You can also try animating either the Particle Trajectories plot or the Slice plot shown in Figure 4 to visualize how the band of maximum charge density moves in phase with the applied RF voltage.
Figure 3: Total charge of impacting electrons per unit area, per RF half-cycle.
Figure 4: Space charge density in a cross section of the model geometry after saturation.
Reference
1. S. Riyopoulos, “Multipactor saturation due to space-charge-induced debunching,” Phys. Plasmas, vol. 4, no. 5, pp. 1448–1462, 1997.
Application Library path: Particle_Tracing_Module/Charged_Particle_Tracing/multipactor_saturation
Modeling Instructions
From the File menu, choose New.
New
In the New window, click  Model Wizard.
Model Wizard
1
In the Model Wizard window, click  3D.
2
In the Select Physics tree, select AC/DC > Particle Tracing > Particle–Field Interaction, Nonrelativistic.
3
Click Add.
4
Click  Study.
5
In the Select Study tree, select Preset Studies for Selected Multiphysics > Time Dependent.
6
Click  Done.
Global Definitions
Parameters 1
Load the model parameters from a file.
1
In the Model Builder window, under Global Definitions click Parameters 1.
2
In the Settings window for Parameters, locate the Parameters section.
3
Click  Load from File.
4
Browse to the model’s Application Libraries folder and double-click the file multipactor_saturation_parameters.txt.
Variables 1
1
In the Home toolbar, click  Variables and choose Global Variables.
Load the global variables from a file.
2
In the Settings window for Variables, locate the Variables section.
3
Click  Load from File.
4
Browse to the model’s Application Libraries folder and double-click the file multipactor_saturation_variables_global.txt.
These global variables will be used to suppress the release of secondary electrons when the RF field exerts a force in the outward normal direction.
Piecewise 1 (pw1)
1
In the Home toolbar, click  Functions and choose Global > Piecewise.
2
In the Settings window for Piecewise, locate the Definition section.
3
Find the Intervals subsection.
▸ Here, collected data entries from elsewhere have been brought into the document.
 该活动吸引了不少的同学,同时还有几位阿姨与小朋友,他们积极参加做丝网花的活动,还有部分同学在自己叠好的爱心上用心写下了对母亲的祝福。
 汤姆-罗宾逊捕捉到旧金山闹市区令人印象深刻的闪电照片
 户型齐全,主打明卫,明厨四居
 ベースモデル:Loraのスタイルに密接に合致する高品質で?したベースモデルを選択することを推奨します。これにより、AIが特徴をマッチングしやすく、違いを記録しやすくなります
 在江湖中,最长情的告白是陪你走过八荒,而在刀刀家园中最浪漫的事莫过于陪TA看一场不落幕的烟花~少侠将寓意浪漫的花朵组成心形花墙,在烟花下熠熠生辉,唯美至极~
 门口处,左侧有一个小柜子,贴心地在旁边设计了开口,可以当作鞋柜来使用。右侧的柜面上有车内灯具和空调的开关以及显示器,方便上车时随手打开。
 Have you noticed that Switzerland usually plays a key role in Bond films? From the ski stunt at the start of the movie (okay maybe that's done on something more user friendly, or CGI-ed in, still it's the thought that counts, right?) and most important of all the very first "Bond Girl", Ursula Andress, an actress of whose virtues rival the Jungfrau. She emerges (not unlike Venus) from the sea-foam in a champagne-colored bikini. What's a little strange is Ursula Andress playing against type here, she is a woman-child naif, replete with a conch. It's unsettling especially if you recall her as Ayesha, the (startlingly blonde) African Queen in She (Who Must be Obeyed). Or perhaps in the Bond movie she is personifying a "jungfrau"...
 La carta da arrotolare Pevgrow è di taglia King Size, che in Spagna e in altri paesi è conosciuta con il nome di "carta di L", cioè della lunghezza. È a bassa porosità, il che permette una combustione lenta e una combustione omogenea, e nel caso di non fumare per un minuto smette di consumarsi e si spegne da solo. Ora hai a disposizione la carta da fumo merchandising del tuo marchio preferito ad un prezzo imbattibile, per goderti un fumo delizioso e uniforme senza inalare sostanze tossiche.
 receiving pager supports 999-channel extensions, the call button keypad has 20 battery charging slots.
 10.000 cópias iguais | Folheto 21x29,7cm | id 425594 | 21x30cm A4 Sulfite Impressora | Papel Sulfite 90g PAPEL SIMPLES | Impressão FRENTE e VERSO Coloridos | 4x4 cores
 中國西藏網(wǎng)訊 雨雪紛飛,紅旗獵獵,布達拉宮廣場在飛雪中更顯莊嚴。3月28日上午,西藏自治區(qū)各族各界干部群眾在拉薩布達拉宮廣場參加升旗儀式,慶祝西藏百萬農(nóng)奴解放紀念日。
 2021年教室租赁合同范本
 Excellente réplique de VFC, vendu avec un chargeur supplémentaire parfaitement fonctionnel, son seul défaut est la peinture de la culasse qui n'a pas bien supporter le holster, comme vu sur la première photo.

In the table, enter the following settings:
Start
End
Function
0
300
2.8*((x/300)*exp(1-x/300))^0.6
300
5000
2.8*((x/300)*exp(1-x/300))^0.2
4
Locate the Units section. In the Arguments text field, type eV.
5
In the Function text field, type 1.
6
Click  Plot. Compare the resulting plot to Figure 1. This function will be used to define the secondary electron yield (SEY) as a function of the kinetic energy of the incident particle.
Geometry 1
1
In the Model Builder window, under Component 1 (comp1) click Geometry 1.
2
In the Settings window for Geometry, locate the Units section.
3
From the Length unit list, choose mm.
Block 1 (blk1)
1
In the Geometry toolbar, click  Block.
2
In the Settings window for Block, locate the Size and Shape section.
3
In the Width text field, type D.
4
In the Depth text field, type L.
5
In the Height text field, type L.
6
Click  Build All Objects.
Any value of L should work, since the geometry extends infinitely far in the y and z directions, so a value was chosen that allows the geometry to be viewed easily in the Graphics window.
Definitions
Variables 2
1
In the Definitions toolbar, click  Local Variables.
2
In the Settings window for Variables, locate the Variables section.
3
Click  Load from File.
4
Browse to the model’s Application Libraries folder and double-click the file multipactor_saturation_variables_local.txt.
Some of these variables will be used to define the number of released secondary electrons at the boundaries. Others are postprocessing variables that will be used to plot the number of electron impacts at the cavity walls over time. Note how the at operator is used to evaluate an expression at a previous solution time.
Electrostatics (es)
Ground 1
1
In the Physics toolbar, click  Boundaries and choose Ground.
2
Select Boundary 1 only.
Electric Potential 1
1
In the Physics toolbar, click  Boundaries and choose Electric Potential.
2
Select Boundary 6 only.
3
In the Settings window for Electric Potential, locate the Electric Potential section.
4
In the V0 text field, type V0*sin(2*pi*f0*t).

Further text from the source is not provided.